Transcribe the data that follows without changing a word, and omit the pictures.

*** Block opens ***

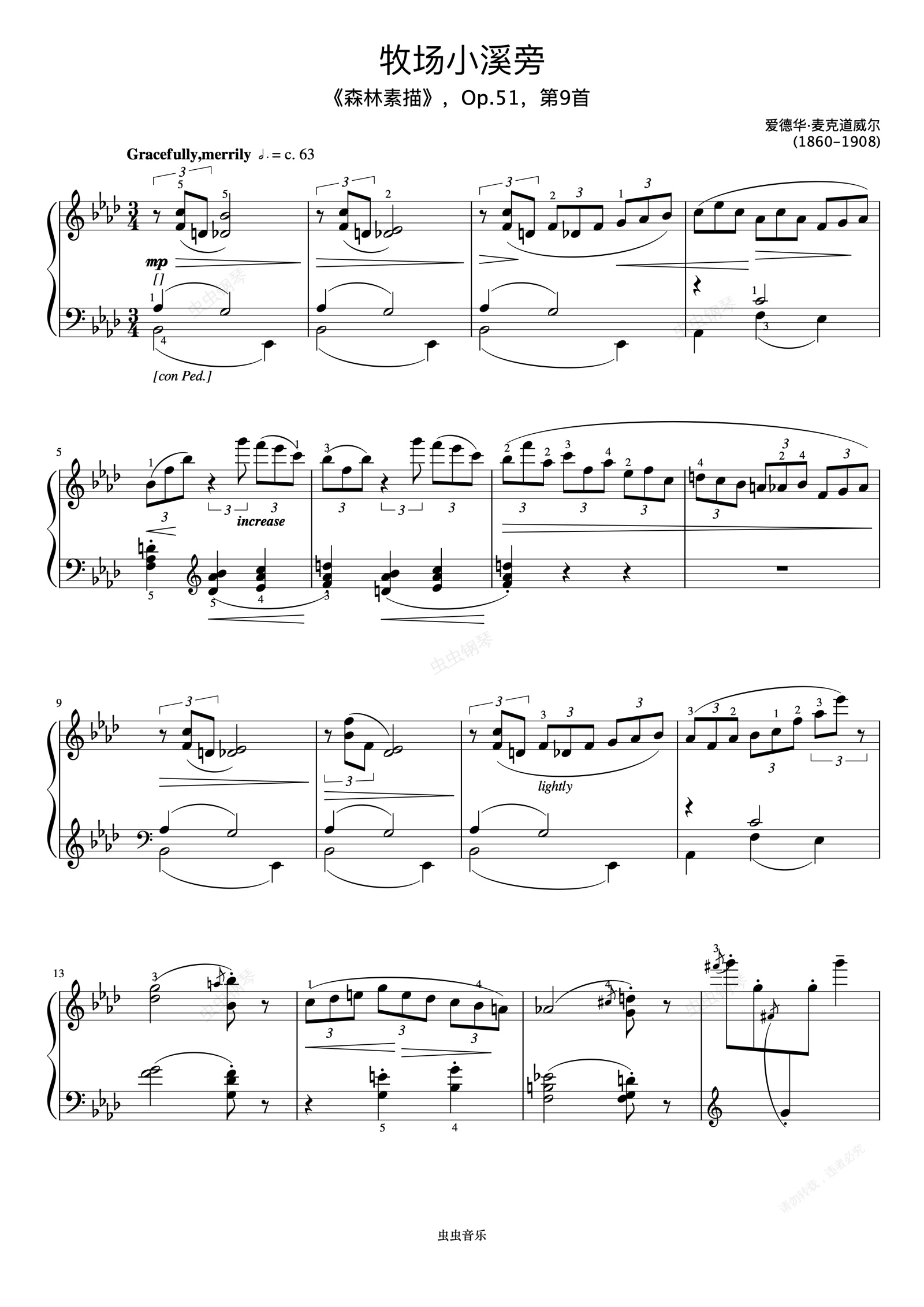 钢琴谱:7级 牧场的小溪旁《英皇钢琴考级曲目(2015-2016)》
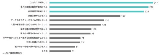 帳票入力業務の効率化や人的ミスの削減など、業務改善効果を感じている企業が多いことが分かります。
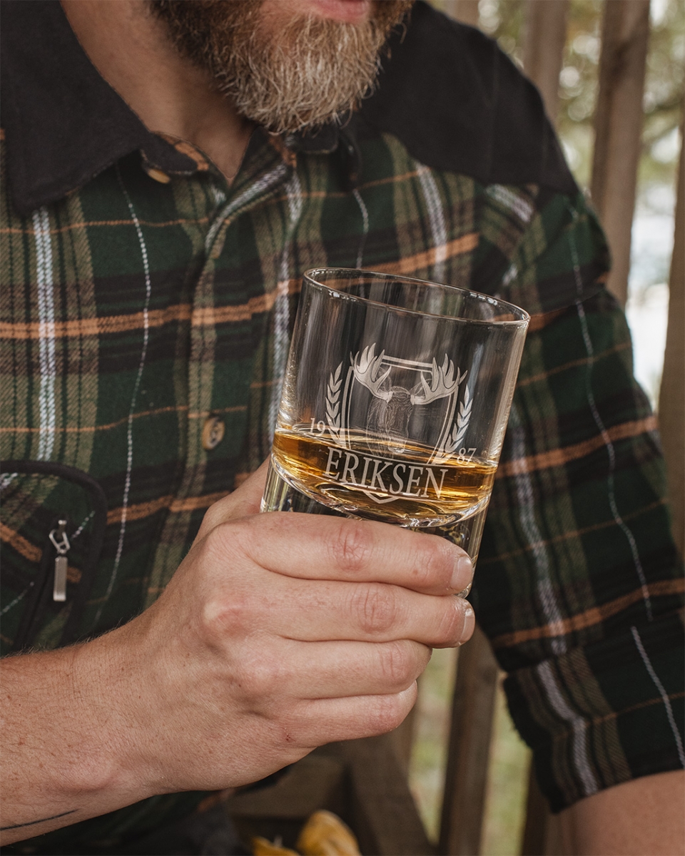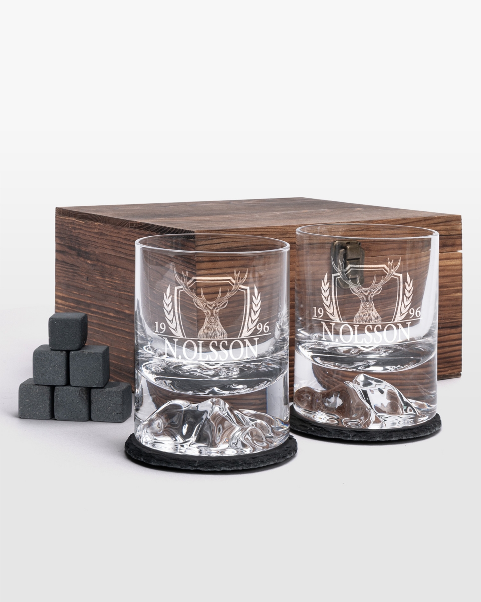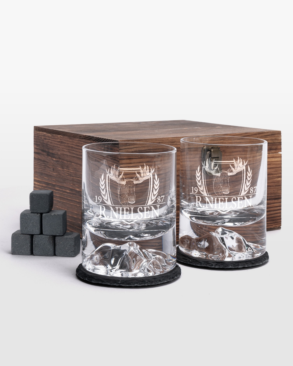 Tämä ylellinen viskisetti toimitetaan käytännöllisessä ja tyylikkäässä puulaatikossa, joka toimii sekä säilytyksessä että tyylikkäänä lahjarasiana. Laatikko sisältää kaksi kauniisti kaiverrettua viskilasia, joista jokainen on personoitu valitsemallasi nimellä ja metsästysaiheella - valitse karhu, metso, hirvi, villisika, kuusipeura tai kala. Kuvioissa on runsaasti yksityiskohtia ja ne antavat laseille yksilöllisen luonteen, joka sopii luontoa rakastavalle herkkusuulle. Viskilasien pohjassa on kauniit vuoriaiheet, jotka antavat laseille erityisen ylellisen tunnelman.
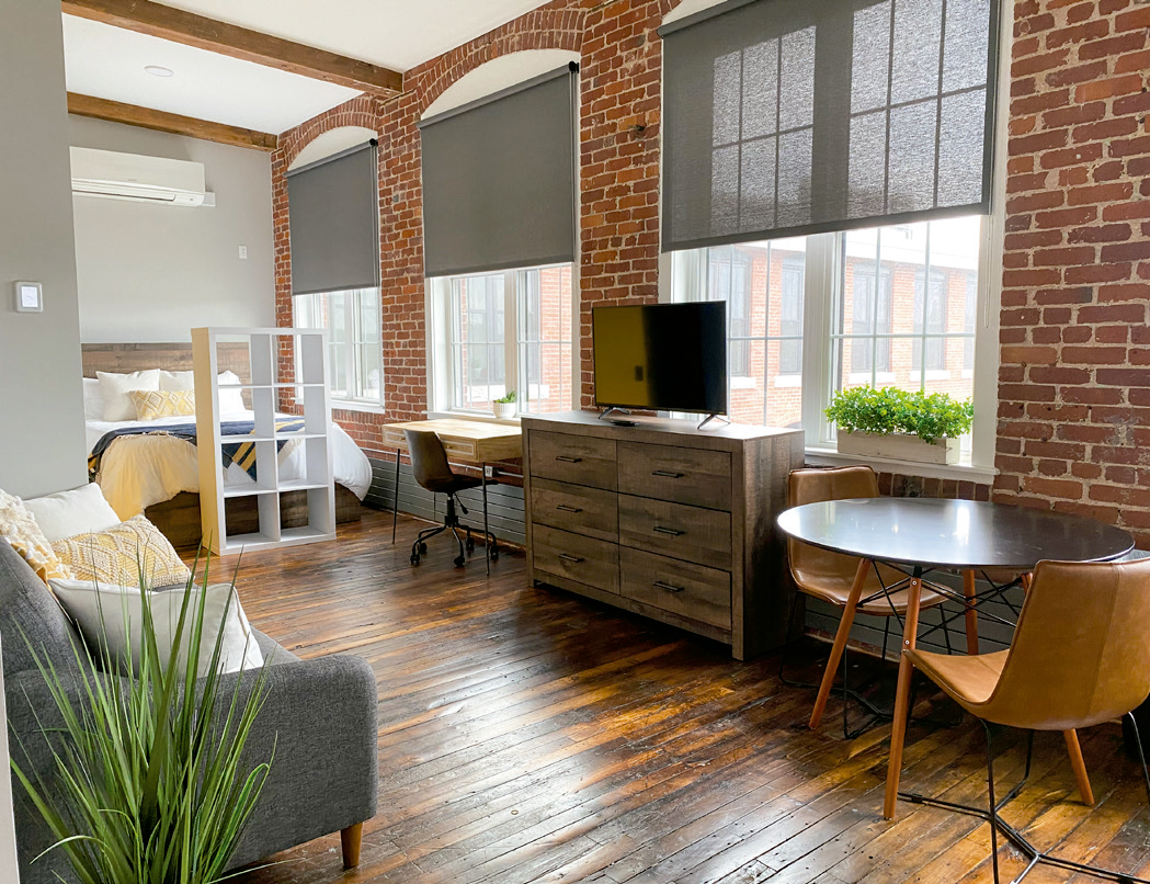 Adam Wagner, owner of Market Square Architects in Portsmouth, played an instrumental role to help Hitchcock transform her vision into a dynamic design that incorporates the mill’s rustic red brick walls and timber frames in the building’s open-air studio apartments. Orbit Group with visiting designers created the furnished Airbnb units so they will appeal to the targeted demographic of artists and gig economy workers.
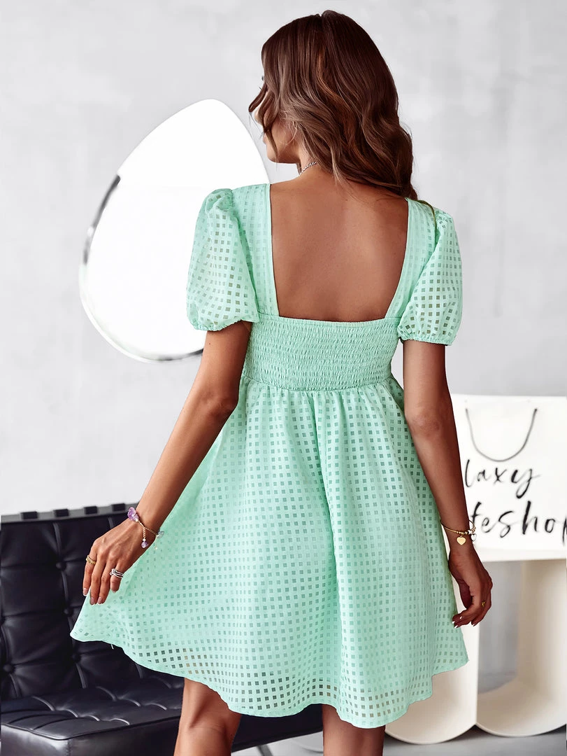Our Notepad Dress comes in a mint tone in a light weight, relaxed fit mini length. The classic square collar, short sleeves, tiered skirt and open back tare fab additions to this mini that you’re sure to love as the weather begins to warm. This flowy mini pairs beautifully with our designer leather mules for a stunning seasonal look!
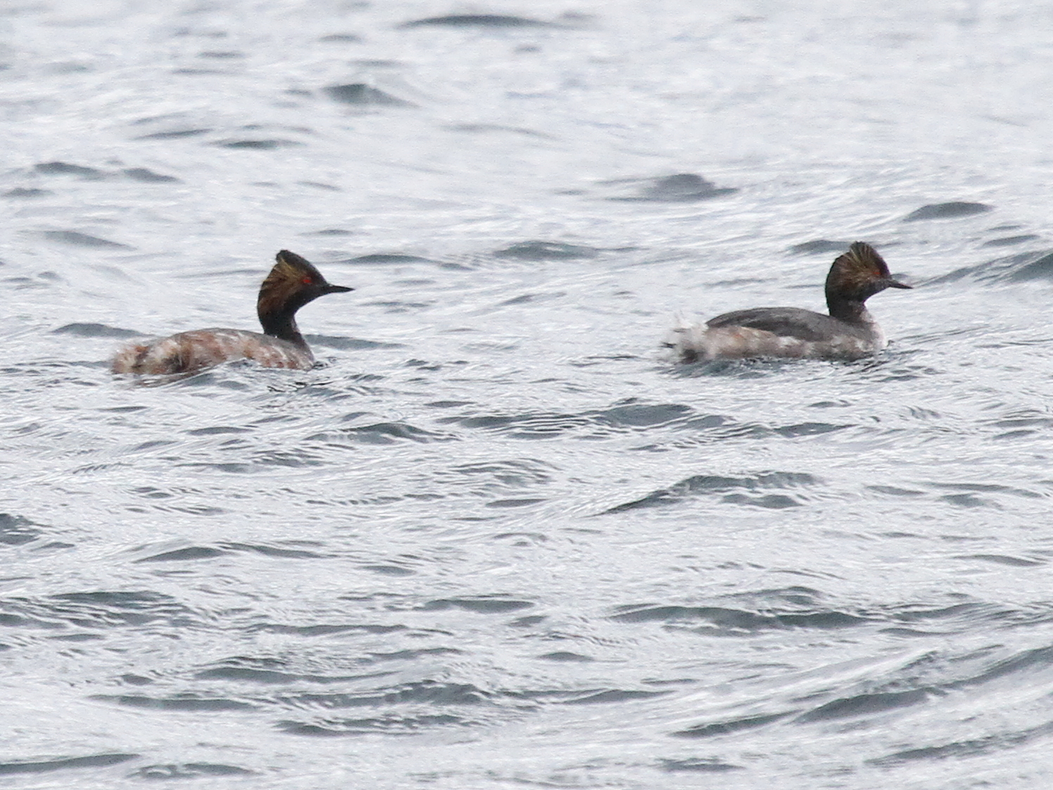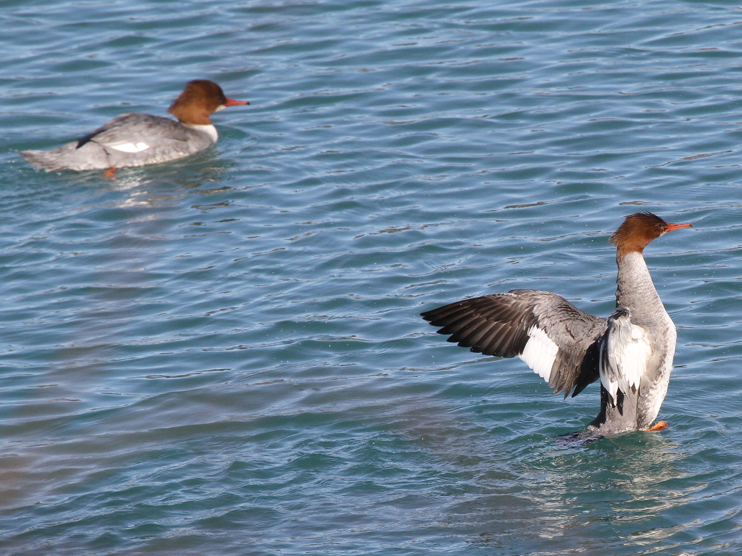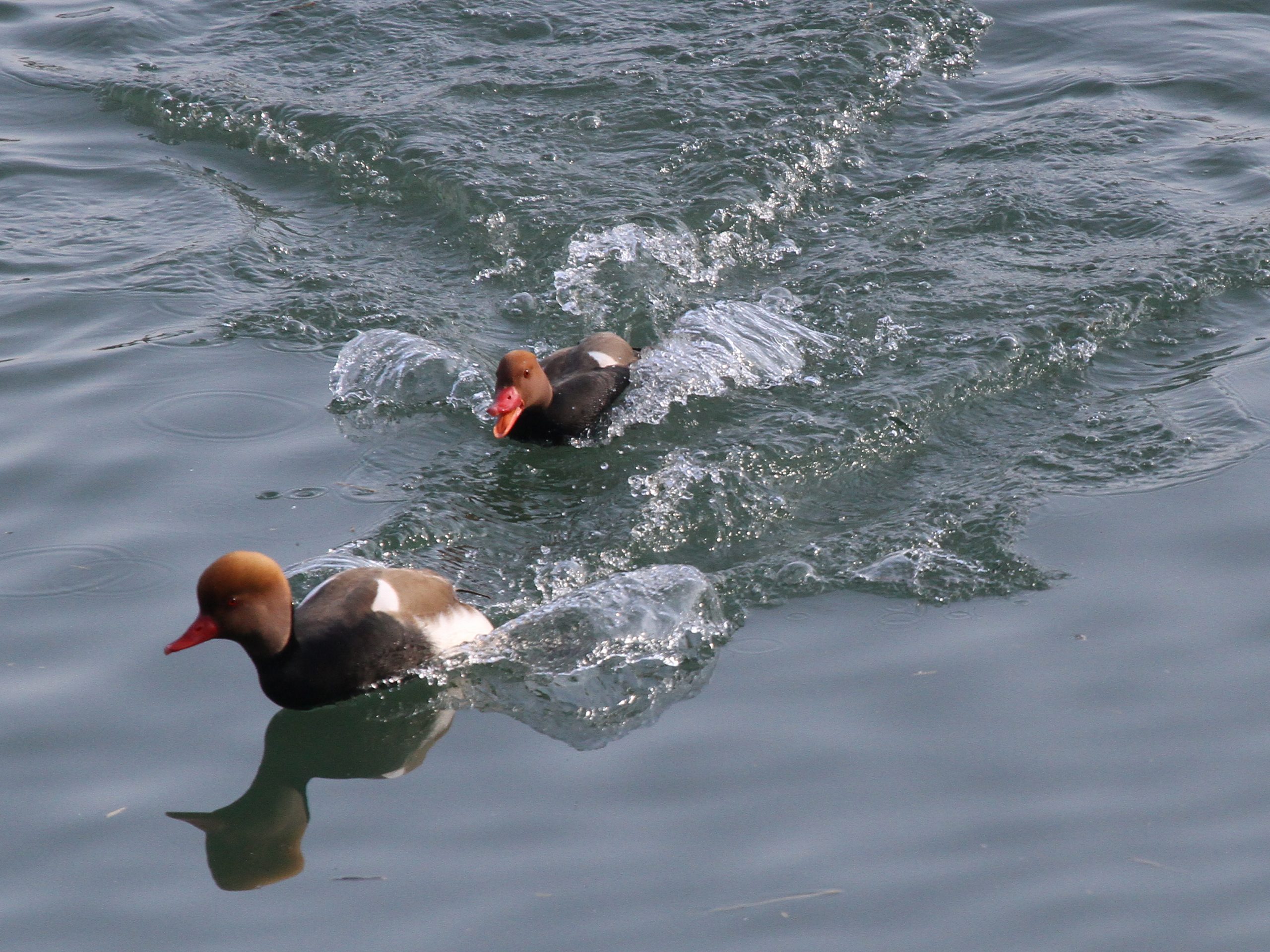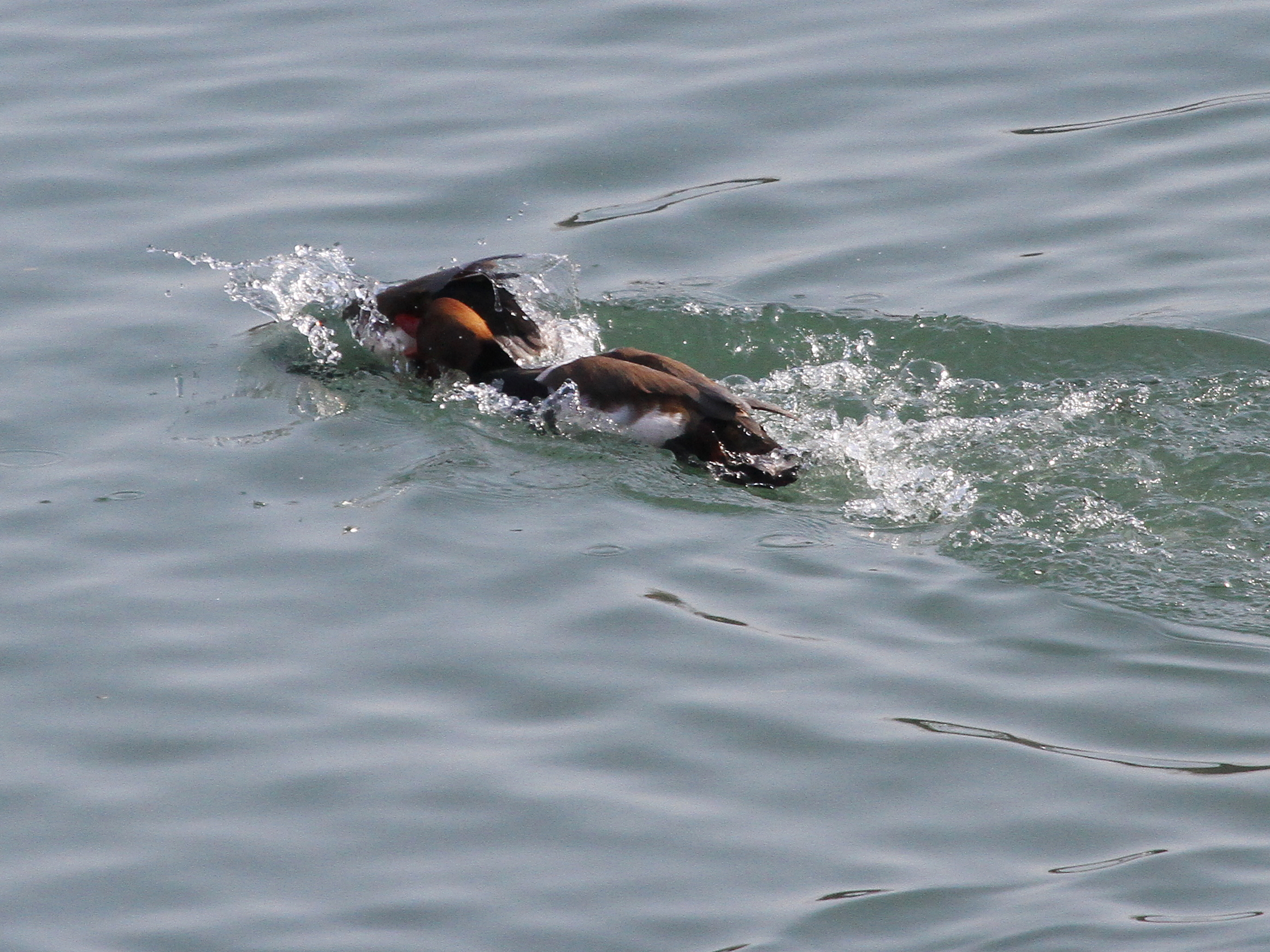 Du côté des Fuligules morillons, l’agitation autour des femelles est toujours intense. Les mâles ont enfin leur huppe bien développée, c’est certain qu’ainsi ils ont plus de chances de séduire une partenaire.

*** Block closes ***

» **Exercise result**:
 钢琴谱:7级 牧场的小溪旁《英皇钢琴考级曲目(2015-2016)》
 帳票入力業務の効率化や人的ミスの削減など、業務改善効果を感じている企業が多いことが分かります。
 Tämä ylellinen viskisetti toimitetaan käytännöllisessä ja tyylikkäässä puulaatikossa, joka toimii sekä säilytyksessä että tyylikkäänä lahjarasiana. Laatikko sisältää kaksi kauniisti kaiverrettua viskilasia, joista jokainen on personoitu valitsemallasi nimellä ja metsästysaiheella - valitse karhu, metso, hirvi, villisika, kuusipeura tai kala. Kuvioissa on runsaasti yksityiskohtia ja ne antavat laseille yksilöllisen luonteen, joka sopii luontoa rakastavalle herkkusuulle. Viskilasien pohjassa on kauniit vuoriaiheet, jotka antavat laseille erityisen ylellisen tunnelman.
 Adam Wagner, owner of Market Square Architects in Portsmouth, played an instrumental role to help Hitchcock transform her vision into a dynamic design that incorporates the mill’s rustic red brick walls and timber frames in the building’s open-air studio apartments. Orbit Group with visiting designers created the furnished Airbnb units so they will appeal to the targeted demographic of artists and gig economy workers.
Our Notepad Dress comes in a mint tone in a light weight, relaxed fit mini length. The classic square collar, short sleeves, tiered skirt and open back tare fab additions to this mini that you’re sure to love as the weather begins to warm. This flowy mini pairs beautifully with our designer leather mules for a stunning seasonal look!
 Du côté des Fuligules morillons, l’agitation autour des femelles est toujours intense. Les mâles ont enfin leur huppe bien développée, c’est certain qu’ainsi ils ont plus de chances de séduire une partenaire.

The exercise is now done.